TRISHLA DHUNNOO, PSYCHOTHERAPEUTE :
« La majorité des humains est bisexuelle »
Avons-nous, chacun, une part masculine et féminine ?
La « bisexualité psychique » existe chez tout être humain, selon Freud. En étudiant d’autres pulsions sexuelles que celles qui se révèlent de façon manifeste, nous apprenons que tout le monde, homme ou femme est capable d’un choix d’objet (personne) homosexuel et qu’il a effectivement fait ce « choix » dans l’inconscient. Donc, la majorité des humains est bisexuelle, avec des proportions diverses entre partie homo et partie hétéro. Mais la plupart des adultes ne passent jamais à l’acte dans leur tendance minoritaire.

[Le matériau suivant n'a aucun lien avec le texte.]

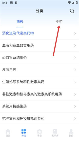 1、打开用药参考,进入【分类】页面,点击【中药】标签来切换分类。

Être bisexuel, c’est être indécis au fond, c’est être en mal d’identité sexuelle…
La bisexualité représente un mal-être uniquement si la personne souffre de sa bisexualité. On trouve généralement des conflits sur le plan des sentiments qui ont des répercussions sur la sexualité. Mais si la personne concernée est homme ou femme psychiquement parlant, elle se sentira pleinement homme ou femme. L’identité sexuelle n’est pas remise en question. Ce n’est que le « choix d’objet » qui porte sur les deux sexes. Être bisexuel n’est pas une confusion au niveau de sa sexualité lorsque le sexe biologique et le genre du sujet sont en harmonie.
Dans d’autre cas, les éléments masculins et féminins qui composent le genre ne sont pas intégrés et s’expriment par des conflits intérieurs, le sujet ne sait pas qui il est et il se cherche auprès de partenaires des deux sexes.
Avoir des fantasmes sexuels ne signifie pas pour autant les réaliser…
Le fantasme relève de la réalité psychique, dont une partie est inaccessible : l’inconscient. Mais un fantasme n’incite pas forcément au passage à l’acte et donc, certains fantasmes resteront du domaine du non-réalisable pour la plupart des gens. Les bisexuels peuvent avoir des relations simultanées avec des partenaires de n’importe quel sexe, pratiquer la monogamie en série avec des partenaires de l’un ou l’autre sexe, avoir des relations avec des partenaires d’un seul sexe ou pratiquer la chasteté. En d’autres mots, la bisexualité peut se référer aux désirs uniquement, pas nécessairement au comportement.
Il semblerait que la bisexualité féminine est plus acceptée. Les amours saphiques correspondent-elles aux fantasmes des hommes hétérosexuels ?
À notre époque, il est vrai que les garçons parlent très ouvertement de leur fantasme concernant la relation homosexuelle féminine. Vu qu’on l’évoque avec plus ou moins aucun tabou, le saphisme est mieux « accepté » que l’homosexualité masculine. La bisexualité féminine est un fantasme pour tous les hommes, et pour une très large proportion des femmes…
L’entre-deux provoque-t-il plus de malaise que d’être hétéro ou homo ?
C’est au cas par cas, car pour certains être bisexuel ne pose aucun malaise car ils ont « subjectivé » leur sexualité dans leur vie psychique : il n’y a plus de confusion dans leur choix sexuel et affectif. Psychi-quement parlant, ces sujets ont « intériorisé » leur identité sexuelle et leur choix d’objet et à partir de là, ils arrivent à mieux gérer cette double attirance sexuelle. Il peut y avoir malaise quand le physique diffère de l’identité sexuelle, par exemple pour le transsexualisme ou le travestisme.